Nowadays, I sell only at one gift shop in a nearby river town that has a strong tourist trade. I package my soap using a farm country and river town theme with the goal of attracting customers looking for an inexpensive memento of their trip. I want my soaps to be nicely packaged, have interesting designs, and be distinctively scented so a bar can make a pretty little gift. There is another soap maker who sells in the same shop. Her soaps are smaller but also less expensive, sold naked with no ingredients label, have soft natural colors, and are lightly scented with EOs. Her products appeal to a different set of customers than my soap does, and we both do okay.


----------



## MGM (Jun 17, 2019)

DeeAnna said:


> Once at a seller's booth, it's been my experience that most customers buy mainly on smell and then on appearance of the soap.


I was just thinking this today....I just *threw out* some soap yesterday because it is so crumbly, so unappealing, and the fragrance is bleh. I kept the unappealing, crumbly soap with almost no fragrance because it wasn't off-putting and seemed to work fine. One of my favourites is the slightly less unappealing, crumbly soap with a great fragrance. So whereas an eye-catching display and nicely coloured soaps will get me to your table, fragrance is make or break for me, apparently....


----------



## Kathymzr (Jun 18, 2019)

If customers are leery of a new soap ingredient, that’s a good talking point. Or an oil, say Babassu, that’s a good talking point. If they think it’s crazy idea soap, give little samples. 

Keep a good supply of “bread and butter” soap. Change up the colors sometimes, or fragrance. These are best sellers, that often are the backbone of your sales. You can talk about a new fragrance. If someone suggests one, reassure them you’ll have it next time. Engage the customer for ideas and feedback. Keep a notebook.  Just a thought.

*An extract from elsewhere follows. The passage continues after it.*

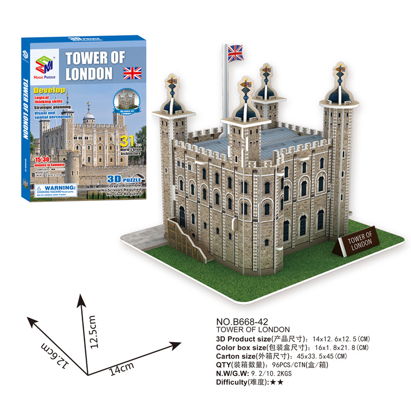 地标建筑物(24款):英国伦敦塔、迪拜酒店、英国大本钟、帝国大厦、荷兰大风车、玛雅金字塔、悉尼桥、东京塔、巴黎圣母院、自由女神像、比萨斜塔、埃菲尔铁塔、泰姬陵、白宫、凯旋门、瓦西里大教堂、悉尼歌剧院、长城、新天鹅堡、伦敦桥、迪拜塔,承天门,太和殿,天坛。

Presentation matters a lot, next to knowing your market. Almost everyone has a birthday coming up. So an “affordable luxury” gift, attractively ready for giving might be something to have available. And change up displays for regular markets. Keep track of which ones seem to work best. Keep your car “display” kits ready to go. Even plain soap can be fun on a tie dye tablecloth!


----------



## Lin19687 (Jun 18, 2019)

Knowing Your Market is #1
Knowing what YOU want YOUR soaps to look like is #2
Then you can figure out your display.

When you first start you learn these things as they go along and how the Market changes.


----------



## Kathymzr (Jun 18, 2019)

Branding your soap is definitely what makes your product you. Especially where there is competition. Bramble Berry USA great example: they have a new collection. From picking up replacement soap from Joe’s to shopping Katydid Naturals collections, your brand should fit your market and the image you want to portray.


----------



## jcandleattic (Jun 18, 2019)

Lin19687 said:


> Knowing Your Market is #1
> Knowing what YOU want YOUR soaps to look like is #2
> Then you can figure out your display.
> When you first start you learn these things as they go along and how the Market changes.


So much this!! 

I do not have a "staple" scent that I always keep in stock - 99% of my scents are blends I make up on the fly.  I rarely ever duplicate the same look to a soap more than once (I think I've actually only done it 2-3 times) - my market craves variety - but that's just it - I KNOW my market. My customer base is drawn in by scent, yes, however, my plain 1-color soaps are always the very last to sell. My multi colored, bright, swirled soaps always sell first. By the end of my selling season I can almost guarantee every year which soaps I'll have leftovers of A - unscented, uncolored soaps I always have the most leftover, B- anything lavender this scent just does not sell for me, which is good because I HATE it, and C- single colored soaps. EVERY year... 
But that's my market. Others markets are different which is why I agree that knowing your market and customer base is the absolute most important thing in this business. Without that, there would be no sales...


----------